Türkiye'nin olması gereken kredi notuna ilişkin tartışmalar ile Kıbrıs Rum Kesimi'ni kurtarma paketi pazarlıkları aynı tarihe denk gelince ister istemez 1999'u hatırladım.
9 Aralık 1999 önemli bir tarihti. IMF destekli program henüz açıklanmamıştı ama varılan mutabakat çerçevesinde "önce sabit, sonra bant içinde dalgalanacak kur politikası" ilan edilmişti. Ve dramatik biçimde Türkiye, iki yıl sonra IMF gözetiminde krize giren ilk ülke olmuştu.
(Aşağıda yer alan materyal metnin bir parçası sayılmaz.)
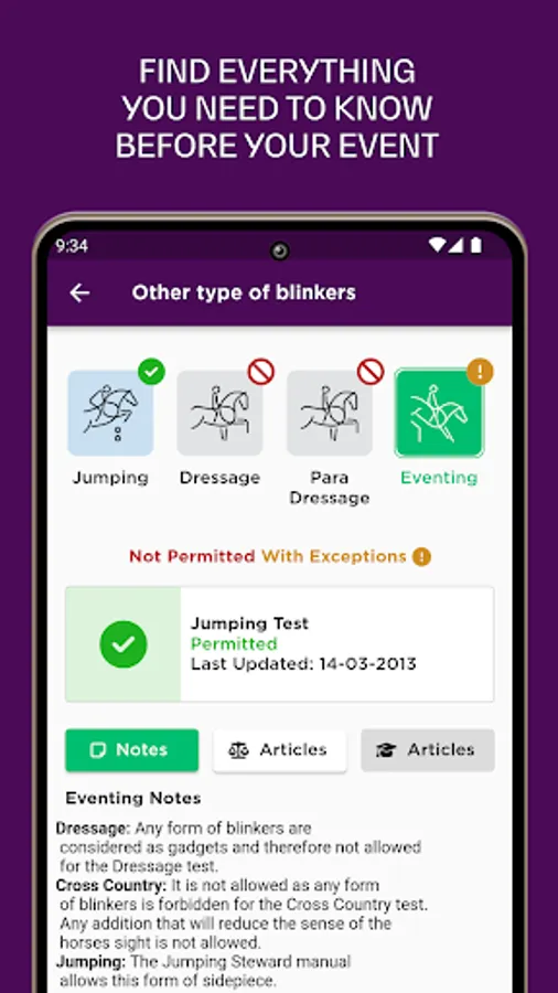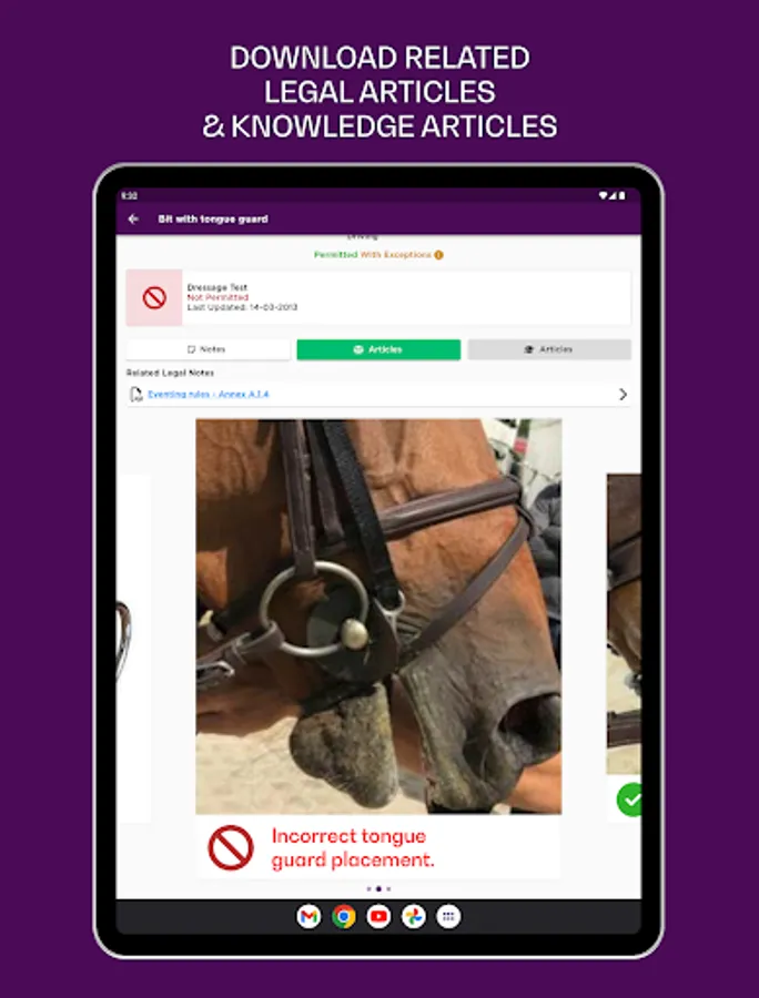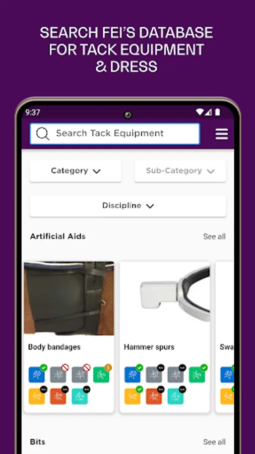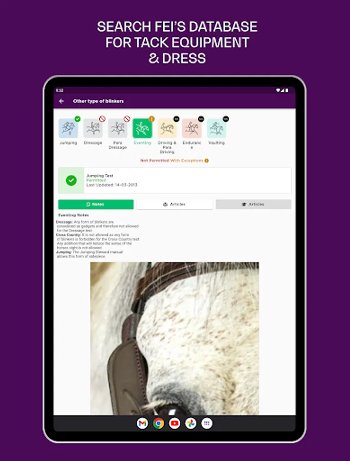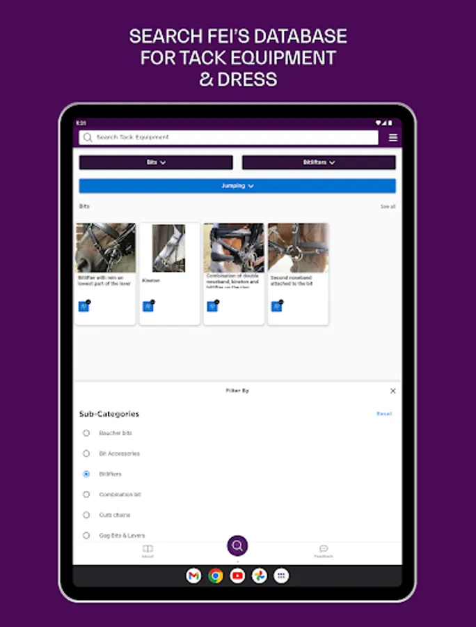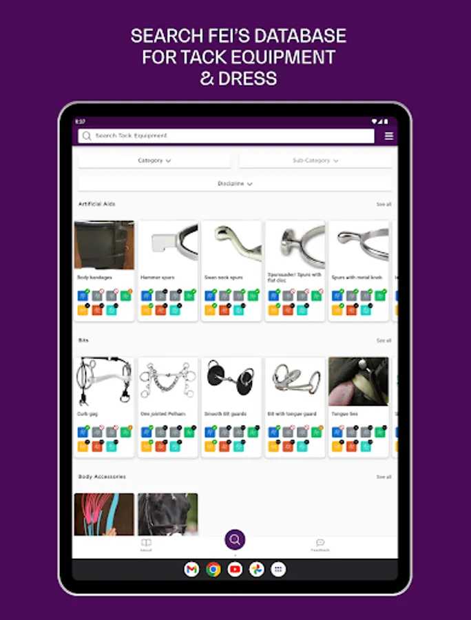 The FEI TackApp provides organised, easily understandable and searchable information on allowed and prohibited tack, equipment and dress at FEI Events.

Acaba neden? Aslında bunun pek çok nedeni var ve arka planı artık iyi biliniyor. Ama ben kritik bir gerekçeyi hatırlatmak isterim.
Zira el kadar Kıbrıs Rum Kesimi'ni kurtarmak için 10 milyar Euro'luk paket açan küresel aktörler, 14 yıl önce Türkiye'den aynı miktar desteği esirgemişlerdi. 2000 yılında başlayan, 2001 Şubat'ında krizle sonuçlanan program son şeklini almadan önce IMF'den, "10 milyar dolar kredi" talep edilmişti. Başta kamu bankaları olmak üzere finansal yapı iç açıcı değildi. Program kapsamında "bankacılık reformu" da düşünülmüştü. Lakin IMF, "Fon'daki kotanızın 3 katından fazla kredi açamayız" diyerek sadece 4.5 milyar dolar civarında kaynak sözü vermişti. Sonrası malum. IMF, krize giren Türkiye'ye, oldukça zorlu ön şartlarla 30 milyar dolara varan ilave kredi sağlamış ama bedeli çok ağır olmuştu.
İşte çok yakında son taksiti ödenecek kredi, aynı zamanda IMF'nin hatalarının, global mali sistemdeki çifte standarttan kaynaklanan son hesabın kapatılışının simgesidir.